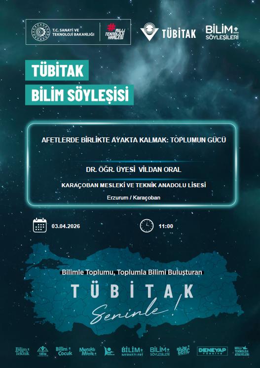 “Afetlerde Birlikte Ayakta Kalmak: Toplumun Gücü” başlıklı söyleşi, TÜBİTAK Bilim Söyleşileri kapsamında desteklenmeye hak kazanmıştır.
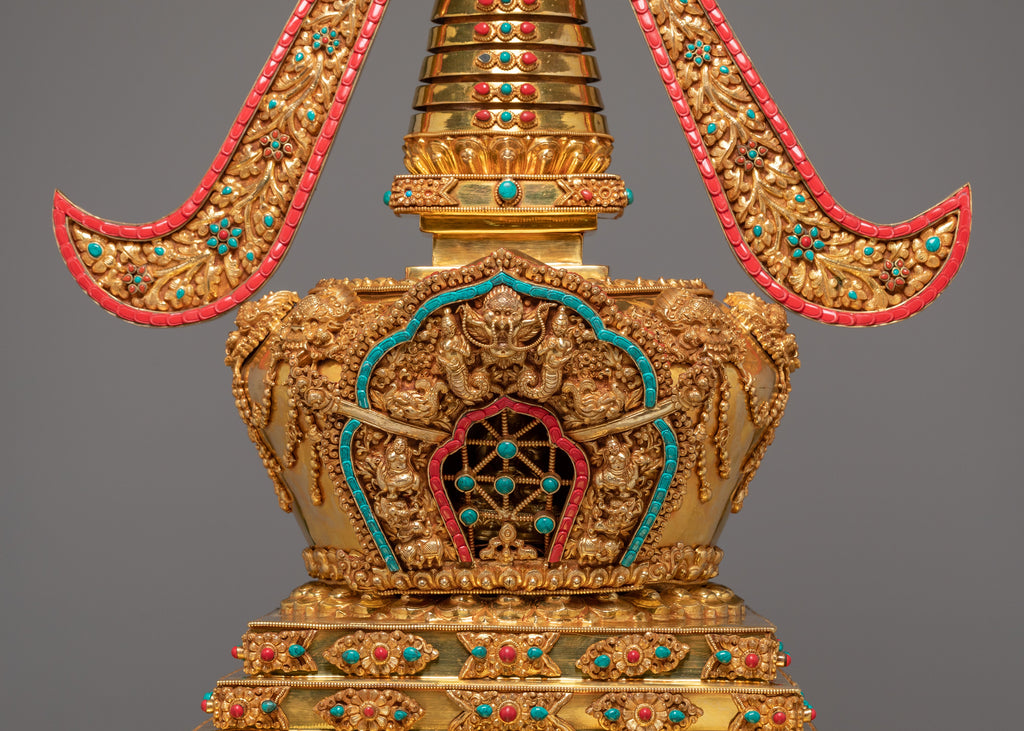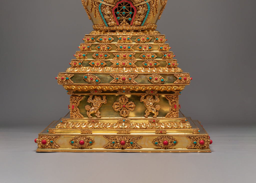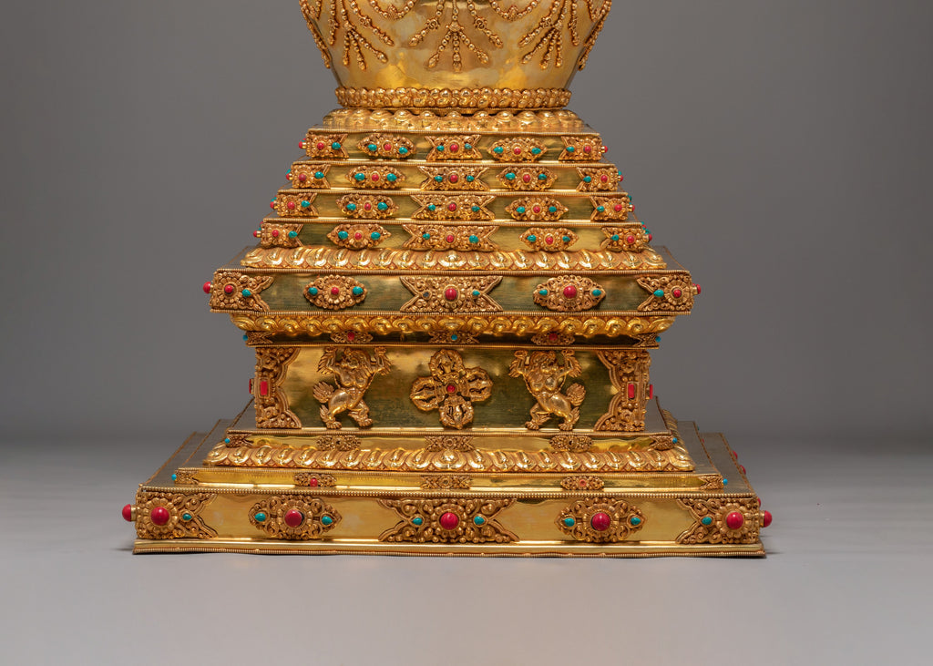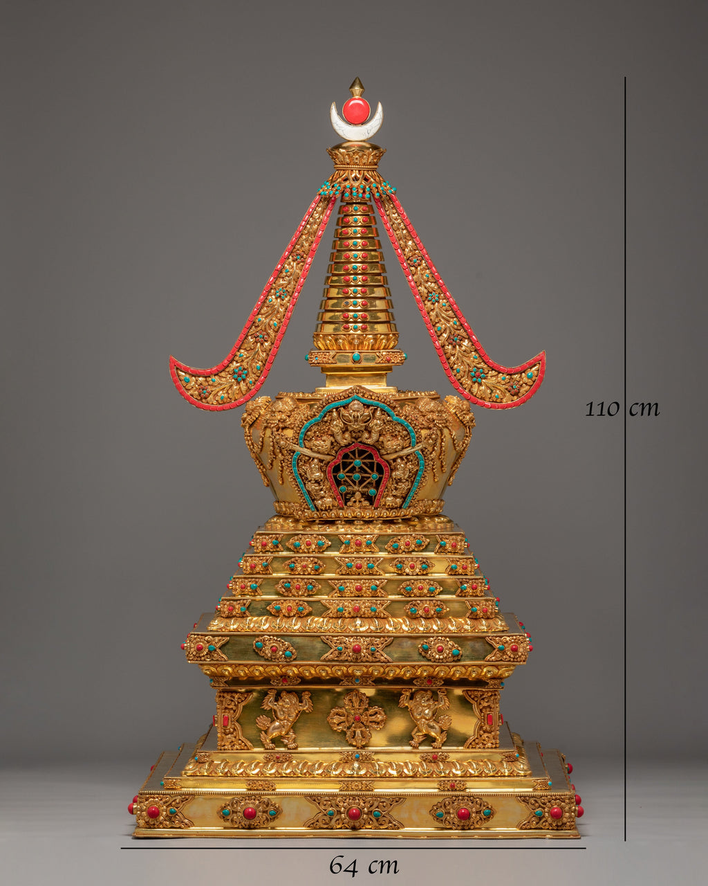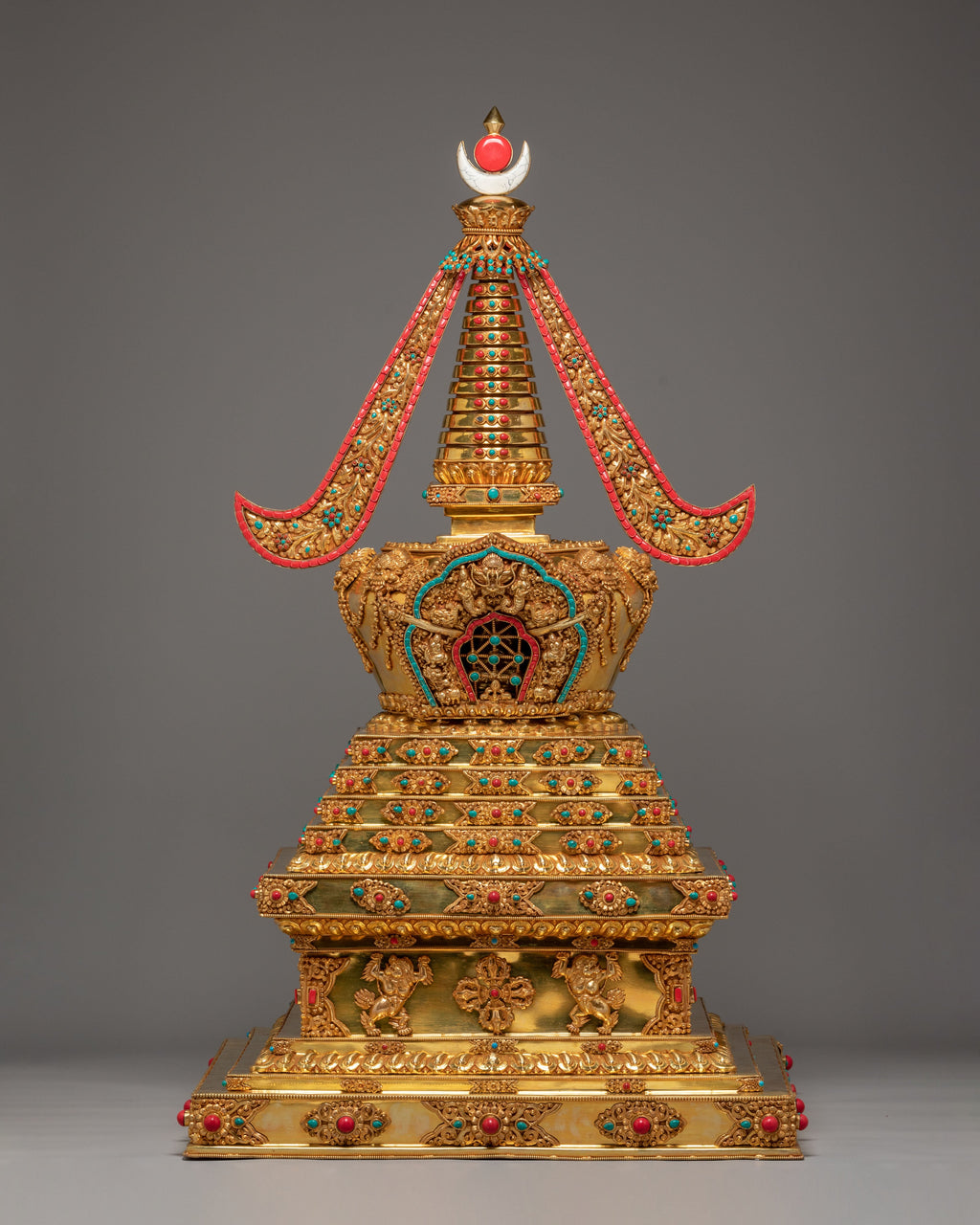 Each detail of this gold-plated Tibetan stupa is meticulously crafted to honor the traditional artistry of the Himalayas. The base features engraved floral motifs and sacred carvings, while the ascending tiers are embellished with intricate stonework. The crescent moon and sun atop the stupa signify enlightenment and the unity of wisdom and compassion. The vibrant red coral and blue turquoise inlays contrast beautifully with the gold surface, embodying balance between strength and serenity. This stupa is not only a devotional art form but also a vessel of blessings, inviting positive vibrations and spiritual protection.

------------------------------------

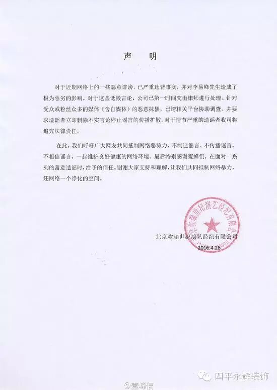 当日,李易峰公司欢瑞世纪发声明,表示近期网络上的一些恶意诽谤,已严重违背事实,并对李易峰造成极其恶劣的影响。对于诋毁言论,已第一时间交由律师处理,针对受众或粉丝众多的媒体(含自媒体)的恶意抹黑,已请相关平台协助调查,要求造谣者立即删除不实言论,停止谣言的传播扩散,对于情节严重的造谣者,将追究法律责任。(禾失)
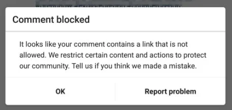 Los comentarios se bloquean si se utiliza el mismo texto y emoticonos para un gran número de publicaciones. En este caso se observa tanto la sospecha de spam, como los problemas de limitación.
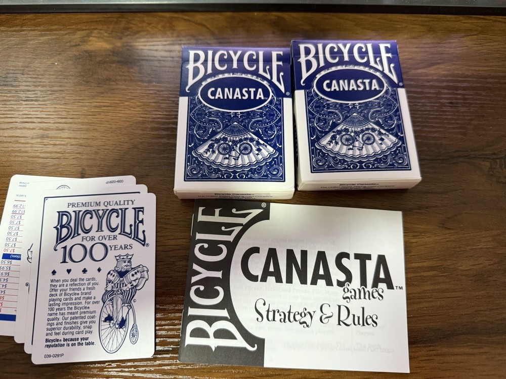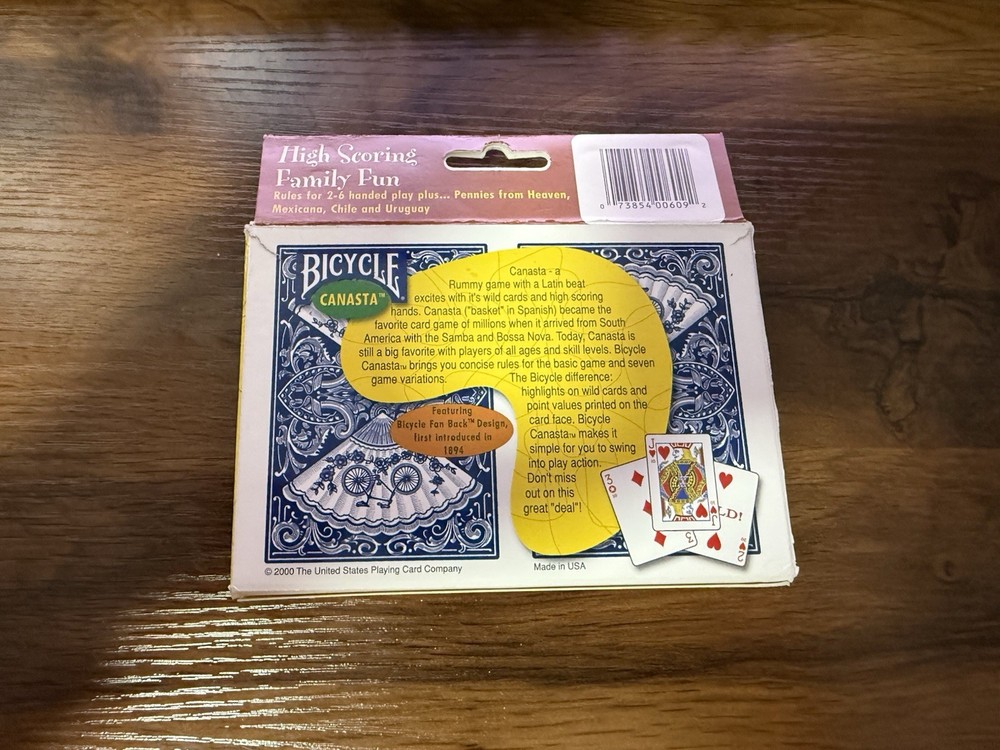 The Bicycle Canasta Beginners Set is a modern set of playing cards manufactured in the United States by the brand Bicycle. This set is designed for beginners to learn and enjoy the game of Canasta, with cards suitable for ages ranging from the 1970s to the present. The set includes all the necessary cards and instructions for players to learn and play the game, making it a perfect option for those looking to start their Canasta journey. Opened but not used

------------------------------------

• **DIRECTIONS**
All pictures are to be skipped. Output, word for word, the lines in the data above starting at the line containing "desteklenmeye hak kazanmıştır." and ending at the line containing "Each detail of".

• **ANSWER BELOW**
 “Afetlerde Birlikte Ayakta Kalmak: Toplumun Gücü” başlıklı söyleşi, TÜBİTAK Bilim Söyleşileri kapsamında desteklenmeye hak kazanmıştır.
 Each detail of this gold-plated Tibetan stupa is meticulously crafted to honor the traditional artistry of the Himalayas. The base features engraved floral motifs and sacred carvings, while the ascending tiers are embellished with intricate stonework. The crescent moon and sun atop the stupa signify enlightenment and the unity of wisdom and compassion. The vibrant red coral and blue turquoise inlays contrast beautifully with the gold surface, embodying balance between strength and serenity. This stupa is not only a devotional art form but also a vessel of blessings, inviting positive vibrations and spiritual protection.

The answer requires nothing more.